* **DATA SHOWN**:
####

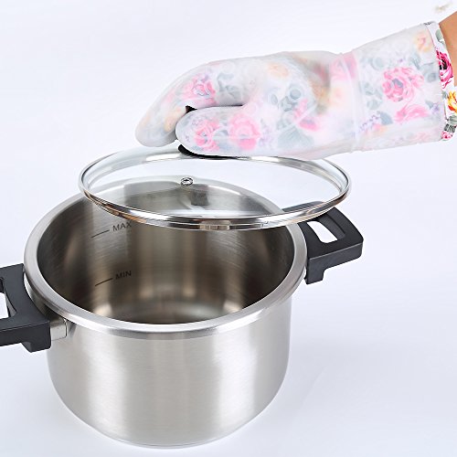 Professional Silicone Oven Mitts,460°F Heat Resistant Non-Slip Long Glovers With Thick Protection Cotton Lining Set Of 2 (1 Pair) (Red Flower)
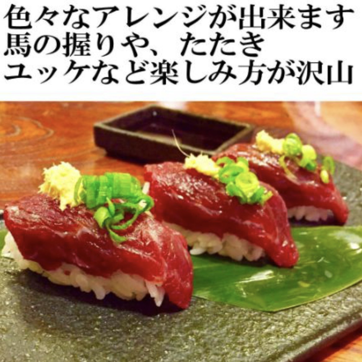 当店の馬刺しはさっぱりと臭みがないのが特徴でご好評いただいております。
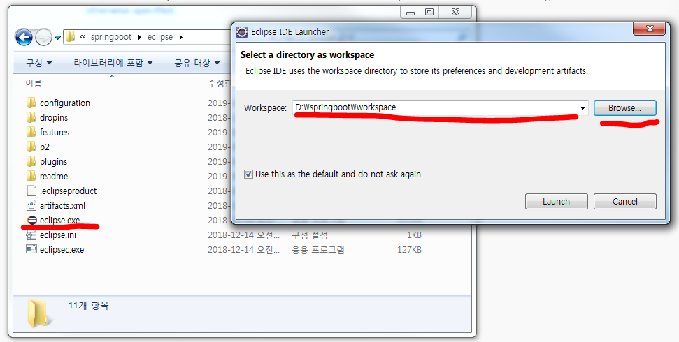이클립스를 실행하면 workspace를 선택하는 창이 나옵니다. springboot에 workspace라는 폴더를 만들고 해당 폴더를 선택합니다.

####

* **WHAT TO DO**:
From the first line to the last, write out the data above exactly. Omit the pictures.

* **TASK RESULT**:
 Professional Silicone Oven Mitts,460°F Heat Resistant Non-Slip Long Glovers With Thick Protection Cotton Lining Set Of 2 (1 Pair) (Red Flower)
 当店の馬刺しはさっぱりと臭みがないのが特徴でご好評いただいております。
이클립스를 실행하면 workspace를 선택하는 창이 나옵니다. springboot에 workspace라는 폴더를 만들고 해당 폴더를 선택합니다.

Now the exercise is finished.